# Is mono backing needed for braided line?



## neocats1 (Oct 14, 2006)

Is a monofilament backing really necessary when using superbraid lines?


----------



## Fish-N-Fool (Apr 12, 2004)

You can use a piece of tape on the spool to keep it from slipping if you do not want to use mono backing.

I don't use a mono backing on my ultralight rods I use to perch, crappie and gill fish because they don't hold large amounts of line. However, braided line is expensive stuff so I choose to use cheaper mono for backing my linecounting trolling combos. I use around 300 ft. of mono for backing and then run 20 or 30lb braided power pro - it save a lot of $$$$


----------



## sowbelly101 (Apr 5, 2004)

On spinning reels I back enough so I can split a 150yd spool of braid and have enough for 2 (2000 series) reels. On the 20 series LC's I fill with 200yds of 15lb mono and a 150yds of 40/10 power pro. At 12-15 bucks for a 150yds of braid its alot cheaper to back with a filler.

Sowbelluy


----------



## fugarwi7 (Sep 20, 2006)

I spooled all of my reels with superline and backing, but on one reel I didn't use backing. They all worked fine until the temp's dropped, then the one w/o backing spun on the spool.
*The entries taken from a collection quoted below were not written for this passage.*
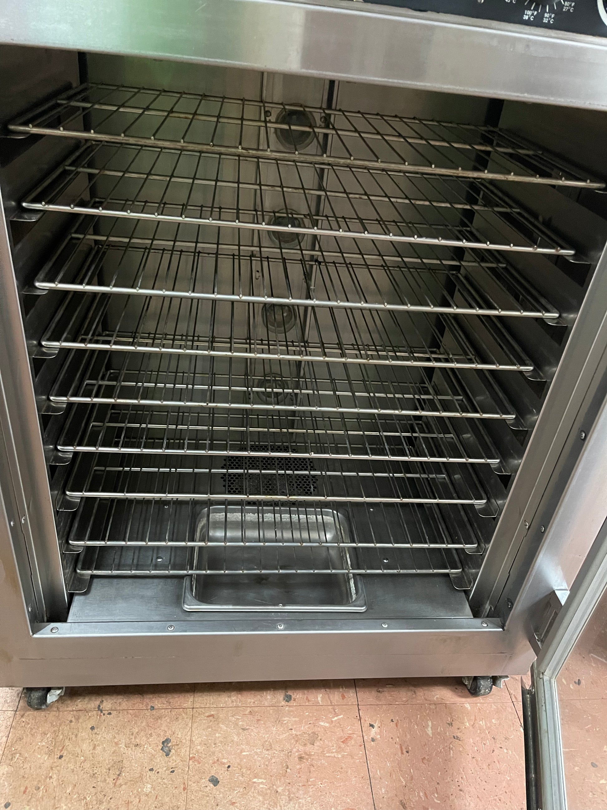 This oven/proofer is used but has been cleaned and tested. There are some scuffs and scratches from use. The dimensions are 37"W x 27.5"D x 77.75"H.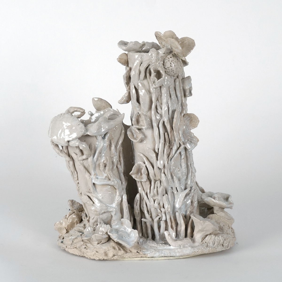 Vase double en grès blanc émaillé de Catherine Blanc inspirée d’un sous-bois mêlant faune et flore dans une composition sculpturale sophistiquée. Pièce unique.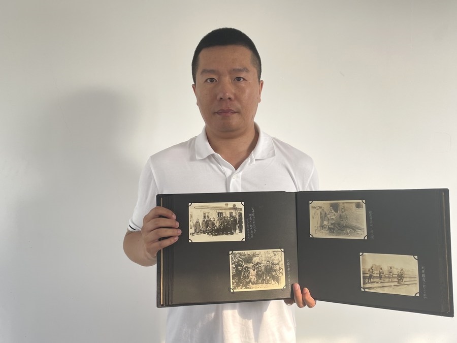 侵華日軍第七三一部隊(duì)罪證陳列館研究人員金士成展示日軍侵華戰(zhàn)時(shí)照片。新華社發(fā)(侵華日軍第七三一部隊(duì)罪證陳列館供圖)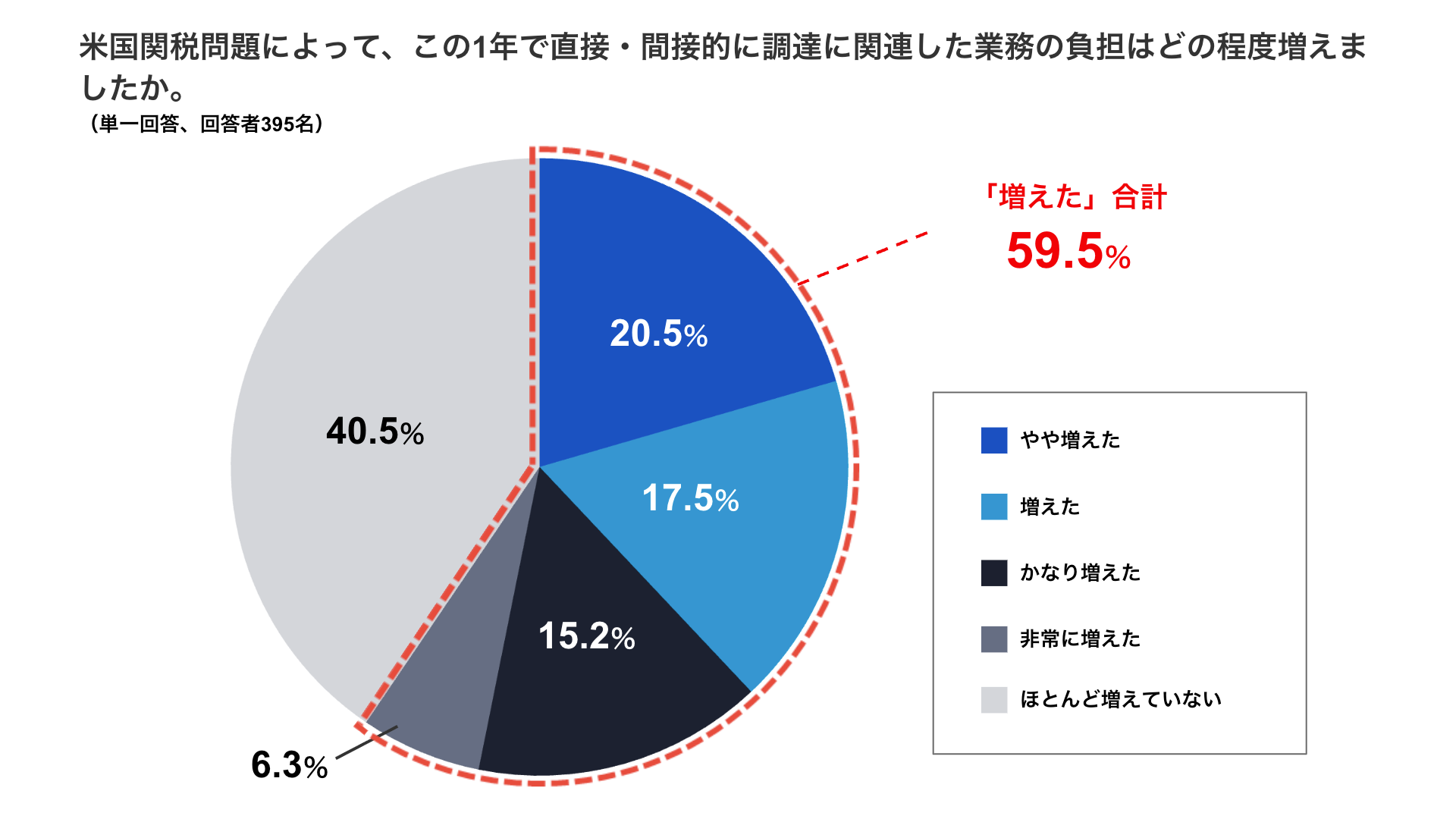 ・管理職の約6割が米国関税問題によって調達に関連した業務の負担増加を実感。「非常に増えた」「かなり増えた」の合計は2割強にのぼりました。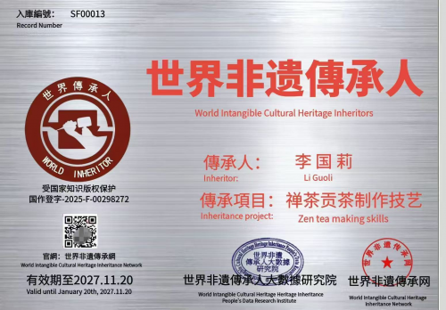 2024年,对李国莉而言,是极具里程碑意义的一年。这一年,经国际非物质文化艺术促进会、中国传统文化发展中心联合评审,认为她全面继承了民族传统文化,精通禅茶贡茶制作非遗技艺,且在非遗传承与传播方面做出了突出贡献,特向她授予“世界非遗传承人”“中国禅茶贡茶非遗传承人”荣誉称号,证书编号20240915001,长期有效。这份殊荣,是对她三十余载坚守与付出的最高肯定,更是对她传承非遗、弘扬中国茶文化使命的激励,让她在非遗传承的道路上,更加坚定了初心,也更加明确了方向。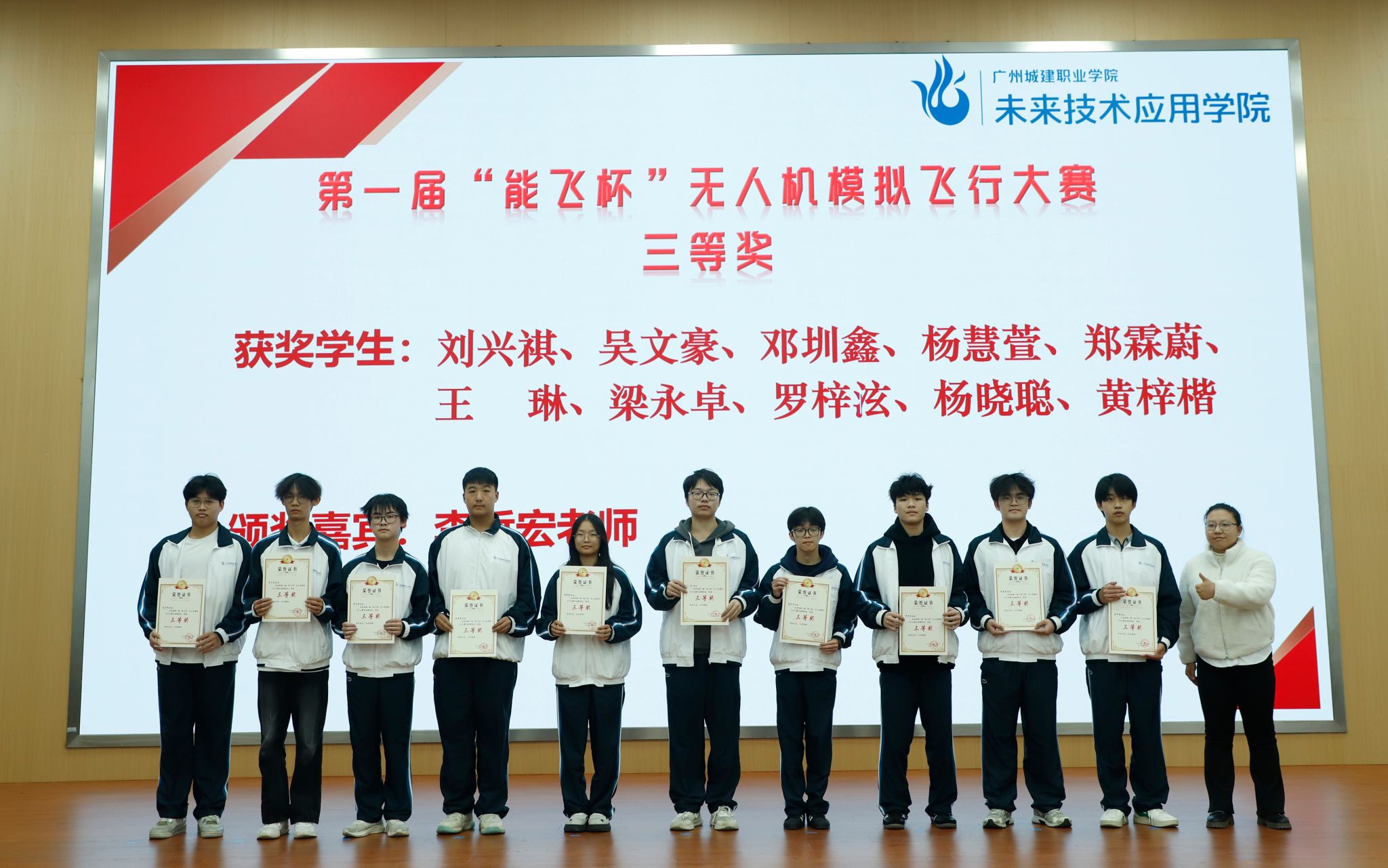 李哲宏副主任为“能飞杯”三等奖学生颁奖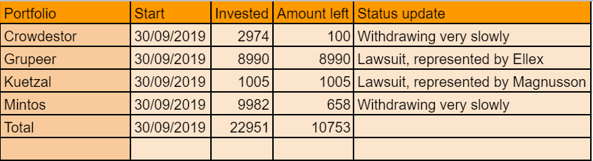 Nothing new on CrowdEstor. I am just waiting for what will happen with my last 100 EUR investment there. I have already defaulted this investment in my portfolio.

I assume the colder temps changed the aluminum spool just enough to cause the knot to slip, since the line is so much slicker than mono. I carefully unspooled, put a little backing on it a respooled with the original superline...problem solved. I recommend backing for that reason, along with costs reasons others have cited.

I don't want to change the original thread topic but since I mentioned it, what kind of knots do ya'll use to tie line to the spool to minimize slippage?


----------



## Shortdrift (Apr 5, 2004)

I back my spinning reels with mono and my counters with Dacron.


----------